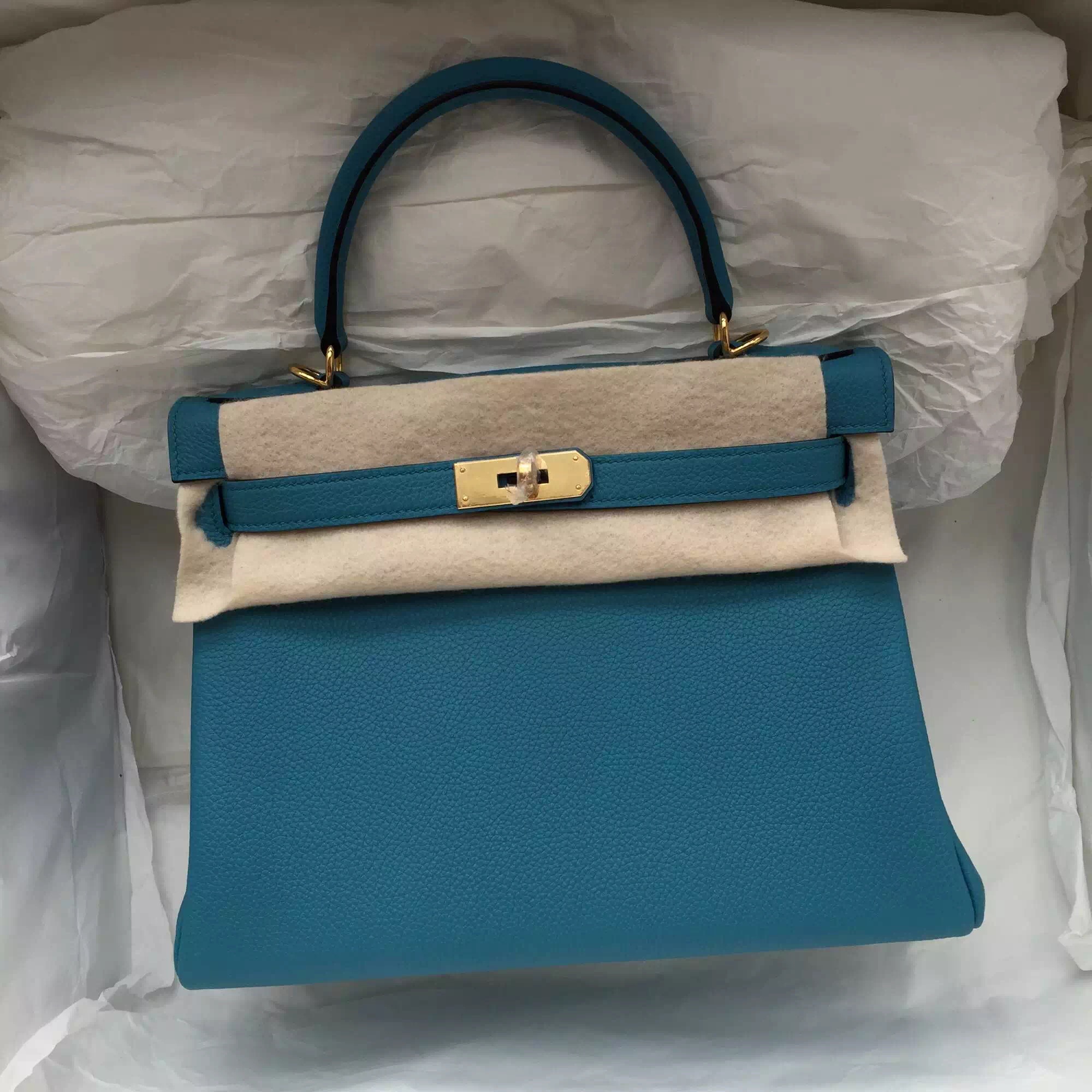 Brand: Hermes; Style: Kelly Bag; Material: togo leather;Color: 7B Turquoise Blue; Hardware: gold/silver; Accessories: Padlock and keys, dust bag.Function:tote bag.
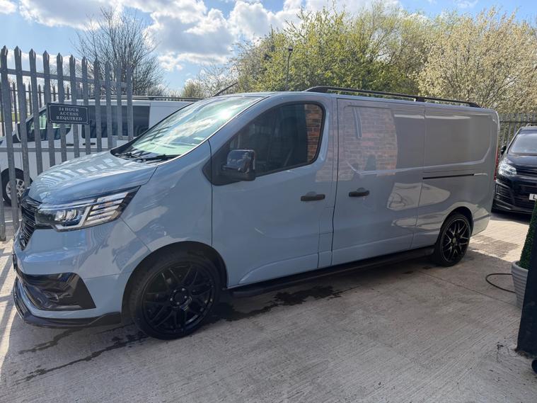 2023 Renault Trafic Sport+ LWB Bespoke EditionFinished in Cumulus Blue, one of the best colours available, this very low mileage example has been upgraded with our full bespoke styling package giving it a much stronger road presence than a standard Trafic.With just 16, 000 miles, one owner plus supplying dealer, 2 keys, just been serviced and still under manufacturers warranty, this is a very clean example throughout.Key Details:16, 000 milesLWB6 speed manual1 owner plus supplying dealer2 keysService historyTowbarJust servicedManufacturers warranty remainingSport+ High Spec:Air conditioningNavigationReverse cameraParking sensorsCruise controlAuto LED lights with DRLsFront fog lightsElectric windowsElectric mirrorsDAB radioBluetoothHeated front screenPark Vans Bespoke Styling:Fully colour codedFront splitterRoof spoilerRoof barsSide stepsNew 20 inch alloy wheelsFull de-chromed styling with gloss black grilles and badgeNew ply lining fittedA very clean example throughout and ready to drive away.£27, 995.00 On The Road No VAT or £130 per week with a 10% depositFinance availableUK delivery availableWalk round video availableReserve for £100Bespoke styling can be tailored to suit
****
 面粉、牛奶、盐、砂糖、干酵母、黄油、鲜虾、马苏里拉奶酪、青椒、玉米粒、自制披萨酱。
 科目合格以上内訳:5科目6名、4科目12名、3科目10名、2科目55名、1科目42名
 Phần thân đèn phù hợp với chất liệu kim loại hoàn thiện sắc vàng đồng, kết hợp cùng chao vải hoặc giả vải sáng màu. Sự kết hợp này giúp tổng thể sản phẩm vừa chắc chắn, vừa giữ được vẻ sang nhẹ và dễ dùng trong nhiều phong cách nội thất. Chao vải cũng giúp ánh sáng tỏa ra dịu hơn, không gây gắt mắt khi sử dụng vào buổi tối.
****
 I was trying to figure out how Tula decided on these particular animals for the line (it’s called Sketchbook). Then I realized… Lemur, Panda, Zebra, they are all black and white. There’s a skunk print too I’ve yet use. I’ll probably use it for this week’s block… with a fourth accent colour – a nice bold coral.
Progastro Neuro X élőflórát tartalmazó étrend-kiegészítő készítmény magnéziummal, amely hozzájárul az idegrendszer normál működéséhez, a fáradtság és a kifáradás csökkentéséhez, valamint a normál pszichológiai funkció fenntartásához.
****
**What to do:** With pictures excluded, reproduce exactly the lines above from the one containing "Brand: Hermes; Style: Kelly" down to the one containing "2023 Renault Trafic", those two included.

**Expected answer:**
 Brand: Hermes; Style: Kelly Bag; Material: togo leather;Color: 7B Turquoise Blue; Hardware: gold/silver; Accessories: Padlock and keys, dust bag.Function:tote bag.
 2023 Renault Trafic Sport+ LWB Bespoke EditionFinished in Cumulus Blue, one of the best colours available, this very low mileage example has been upgraded with our full bespoke styling package giving it a much stronger road presence than a standard Trafic.With just 16, 000 miles, one owner plus supplying dealer, 2 keys, just been serviced and still under manufacturers warranty, this is a very clean example throughout.Key Details:16, 000 milesLWB6 speed manual1 owner plus supplying dealer2 keysService historyTowbarJust servicedManufacturers warranty remainingSport+ High Spec:Air conditioningNavigationReverse cameraParking sensorsCruise controlAuto LED lights with DRLsFront fog lightsElectric windowsElectric mirrorsDAB radioBluetoothHeated front screenPark Vans Bespoke Styling:Fully colour codedFront splitterRoof spoilerRoof barsSide stepsNew 20 inch alloy wheelsFull de-chromed styling with gloss black grilles and badgeNew ply lining fittedA very clean example throughout and ready to drive away.£27, 995.00 On The Road No VAT or £130 per week with a 10% depositFinance availableUK delivery availableWalk round video availableReserve for £100Bespoke styling can be tailored to suit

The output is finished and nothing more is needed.